Когда сторож повел их по лестнице в тридцать ступеней, приводившей к сокровищнице умершей герцогини, когда из жемчужной выси донеслись до них крики ласточек, химерическая сила жизни пронзила их до самого сердца, и там с большей силой заныли ревниво оберегаемый тайные мечты и муки. И мужчина во всем дерзновении мужской силы, изведавшей все опасности и стремления, свободный от всех привычек и страхов, вооруженный недоверием и презрением ко всему, удовлетворявшийся в течение многих и многих дней тем, что твердо стоял на двух ступнях, теперь глядел на чудное препятствие, вставшее ему на дороге, на это тело, обещанное ему отныне, и старался заглушить предчувствие беды картиной освободительной оргии; он представлял себе моряка, вернувшегося в гавань с тем, чтобы завтра с большей легкостью устремиться в простор океана, и жилы у него вздувались от нетерпеливого ожидания. Женщина же, знавшая уже, что такое наслаждение, и желавшая сочетать радость со страданием, увлекаемая яростной силой в жерло самых ужасных соблазнов, одаренная сердцем, одновременно робким и смелым, кротким и безжалостным, вдыхала в себя пыльное дыхание окружавших ее душ, казавшееся ей серным запахом урагана, и не создавала никаких планов, не вооружалась против непредвиденного; колыханием колен своих несла божественную животность своего тела, растила в теплом лоне своем коварство и разврат. Но другие два - дева и юноша - те не знали защиты от обиды, от запаха магнолий, от бледности болота, от опьяняющего воздуха - в обоих их жили враждебные друг другу силы, поднимавшие беспорядочную смуту, разлетаясь прочь и при каждом дыхании выдвигая рядом с ними новую тень, на которую, быть может, нельзя было смотреть, не испытывая чувства ужаса.
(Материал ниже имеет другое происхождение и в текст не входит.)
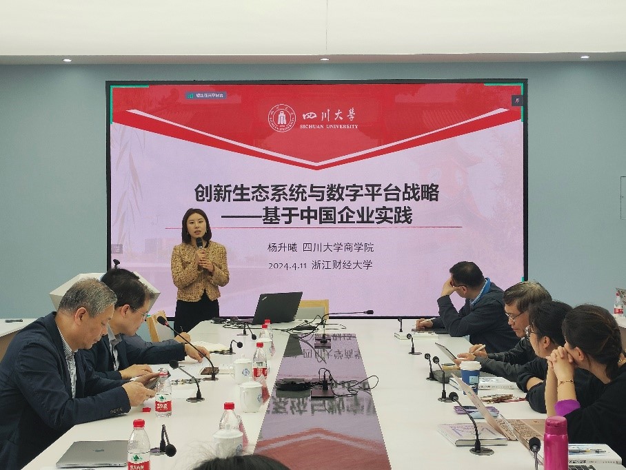 四川大学助理研究员杨升曦博士以“创新生态系统与数字平台战略——基于中国企业实践”为题,从不同的视角分享其团队关于数字平台战略方面的最新研究。杨博士从战略管理视角探讨企业的资源互补策略,指出生态系统逻辑下资源互补策略的不同、生态系统情境下的管理“集体不确定性”的重要性以及企业如何获取互补性资源。随后从互补者的角度出发,讨论其在组织边界、资源禀赋、角色差异等方面的差异,以及价值支持者如何依靠生态系统实现自己的价值创造。结合数字平台战略,杨博士引用了“钉钉”平台的案例探讨服务型数字平台对传统组织数字化转型的赋能机制,并阐述了在平台作用场域从成熟场域转向新兴场域的过程中,平台企业如何促进生态参与主体的价值共创以及如何利用平台赋能构建其生态内外双重竞争优势等相关研究。最后,杨博士分享了近期有关利用生态系统促进国有企业创新动力和效能的初步研究成果。
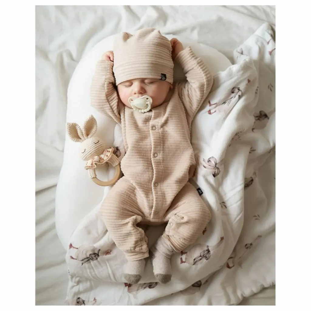 - Notre anneau de dentition Bonnie the Bunny soulagera les gencives douloureuses de votre bébé pendant la phase de dentition. Cet adorable jouet sera un compagnon idéal pour votre enfant ! Fabriqué avec soin à la main à partir de coton biologique certifié GOTS. Nos produits sont fabriqués avec amour par des artisans talentueux qui utilisent des techniques traditionnelles. Chaque pièce est vraiment unique et porte l’individualité de l’artisan qui l’a fabriquée. Tous nos jouets sont sans danger pour les peaux sensibles. Conçu en Norvège Fabriqué à la main de manière éthique en Turquie – 100% coton biologique – Hypoallergénique et naturellement antibactérien – Teintures éco-responsables et non toxiques – Rembourrage : polyester recyclé (Global Recycling Standard) Conforme aux normes CE Convient dès la naissance Instructions de nettoyage Anneau en bois d’érable naturel. Nous recommandons de le nettoyer à la main avec de l’eau savonneuse. Ne pas utiliser de nettoyants abrasifs ou d’autres techniques de nettoyage et de stérilisation. Laisser sécher à l’air libre. Conserver dans un endroit propre, à l’abri de la lumière et de l’humidité.
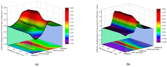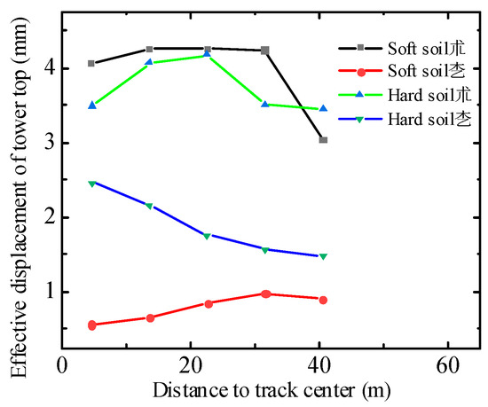 where is the effective displacement, is the displacement at different times, and is the duration of vibration action. By Formula (12), the effective displacement values of the tower top with different soil qualities and different distances from the track can be obtained, as shown in Table 11 and Figure 24.

- Вот мой сад, - сказала Изабелла, перегибаясь через подоконник, с тем же самым выражением, с каким она начала бы неудержимую исповедь: "Вот мое прегрешение, но вот и слава моей жизни".
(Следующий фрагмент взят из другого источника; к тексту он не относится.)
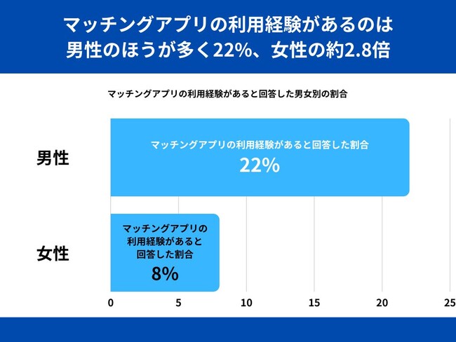 【マッチングアプリの利用経験があるのは男性のほうが多く22%、女性の約2.8倍】
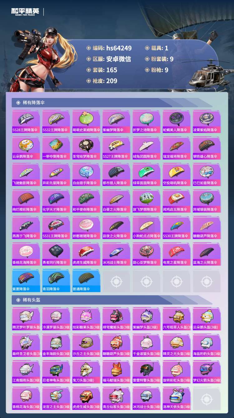 hs64249 苹果微-6王牌印记-9粉装-9特效枪-1载具-63232热力值-165套装-209
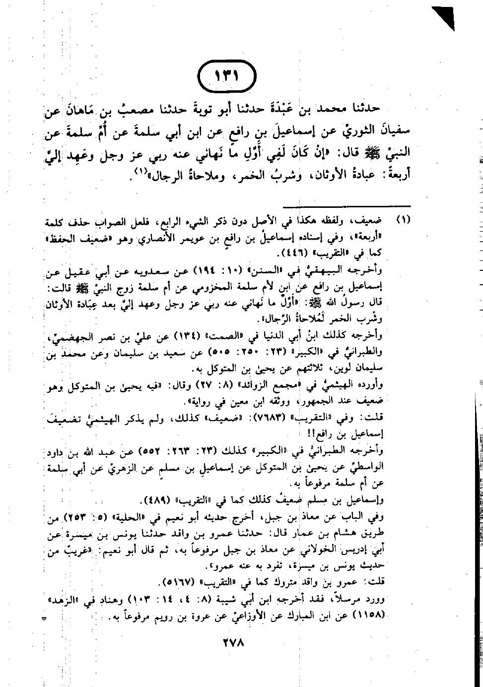 131 - حَدَّثَنَا مُحَمَّدُ بْنُ عَبْدَةَ حَدَّثَنَا أَبُو تَوْبَةَ حَدَّثَنَا مُصْعَبُ بْنُ مَاهَانَ عَنْ سُفْيَانَ الثَّوْرِيِّ عَنْ إِسْمَاعِيلَ بْنِ رَافِعٍ عَنِ ابْنِ أَبِي سَلَمَةَ عَنْ أُمِّ سَلَمَةَ عَنِ النَّبِيِّ صَلَّى اللَّهُ عَلَيْهِ وَسَلَّمَ قَالَ إِنْ كَانَ لَفِي أَوَّلِ مَا نَهَانِي عَنْهُ رَبِّي عَزَّ وَجَلَّ وَعَهِدَ إِلَيَّ أَرْبَعَةٌ: عِبَادَةُ الْأَوْثَانِ وَشُرْبُ الْخَمْرِ وَمُلَاحَاةُ الرِّجَالِ.

От нее дышало греховным опьянением, наполовину непроизвольным, наполовину искусственным; то у нее было лицо, то маска, то в ней чувствовалась аффектация опытной актрисы, то полное неведение животной прелести.

- Ты таким представлял его себе, Альдо?

Рядом с ней стоял брат, тоже перегибаясь через теплый каменный подоконник, держа ее за пояс.

- Посмотри, Мориччика. Посмотрите, Тарзис.

Вана и Паоло подошли к окну; она отодвинулась, чтобы они могли увидать розовые кусты. Привлекла к себе Вану, чтобы послушать, как она дрожит; и через ее голову устремила на возлюбленного взгляд, который был похож не на мимолетный луч, а на что-то тяжелое, что льнуло к телу, как тяжелая материя. И так стояли они все вчетвером, овеянные теплом, запахом, стояли в легком оцепенении, как будто начинали на них действовать волшебные чары.

Даже и сад погрузился в оцепенение, окутался весь молчанием, тягучим, как мед, как воск, как смола. То были видения забытья и грусти, которые томились в тяжелых ароматах. От лаванды и розмарина отделялся запах масла; увядшие абрикосы висели в густой листве, некоторые из них раскрылись, показывая косточку и выпуская сок; неподрезанные розовые кусты разрастались такими длинными и нежными ветками, что они загибались вокруг цветов; а за стеблями лилий с тяжелыми созревшими тычинками виднелось бледное, настоящее вергилиевское болото.

- Когда я жила, - сказала тихим голосом волшебница с лицом, почти прозрачным от нежной улыбки, - мой сад был полон пчел и хамелеонов.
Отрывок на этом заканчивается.